Through the newspapers, a nationalistic rebellion was slowly being pieced together through words and symbols.
The circulation of papers during the early period never exceeded a hundred or two hundreds. These journals usually aimed to cater to the intellectual entertainment of the Europeans and the Anglo Indians. There was hardly any danger of public opinion being subverted in India.
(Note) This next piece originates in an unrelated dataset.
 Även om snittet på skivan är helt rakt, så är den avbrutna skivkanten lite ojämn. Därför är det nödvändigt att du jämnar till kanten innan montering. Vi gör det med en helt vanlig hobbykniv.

What really worried these Company’s officers was the apprehension that these newspapers might reach London and expose their misdoings to the Home authorities. In the absence of press laws, the newspapers were at the mercy of the Company’s officials. The Government sometimes enforced pre-censorship, sometimes deported the offending editor for anti-government policies
The Censorship of the Press Act, 1799
Lord Wellesley imposed severe censorship on all newspapers. The Censorship of the Press Act, 1799, imposed almost wartime restrictions on the press. These regulations required:
- The newspaper was to clearly print in every issue the name of the printer, the editor and the proprietor.
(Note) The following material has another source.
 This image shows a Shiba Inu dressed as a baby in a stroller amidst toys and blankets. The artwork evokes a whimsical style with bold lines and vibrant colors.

- The publisher was to submit all material for pre-censorship to the Secretary to the Government.
- The breach of these rules was punishable with immediate deportation.
In 1807 the Censorship Act was extended to cover journals, pamphlets and even books. The relaxation of press restrictions came under Lord Hastings.
Licensing regulation Act, 1823
Adams’s brief administration of seven months was marked by great energy, but it is remembered only by his illiberal proceedings against the press, and his vindictive persecution of Mr. Buckingham, who had come out to Calcutta in 1818, and established the “Calcutta Journal.” It was the ablest newspaper which had ever appeared in India, and gave a higher tone and a deeper interest to journalism.
The editor, availing himself of the liberty granted to the press by Lord Hastings, commented on public measures with great boldness, and sometimes with a degree of severity which was considered dangerous.
But the great offence of the Journal consisted in the freedom of its remarks on some of the leading members of Government. They had been nursed in the lap of despotism, and their feelings of official complacency were rudely disturbed by the sarcasms inflicted on them.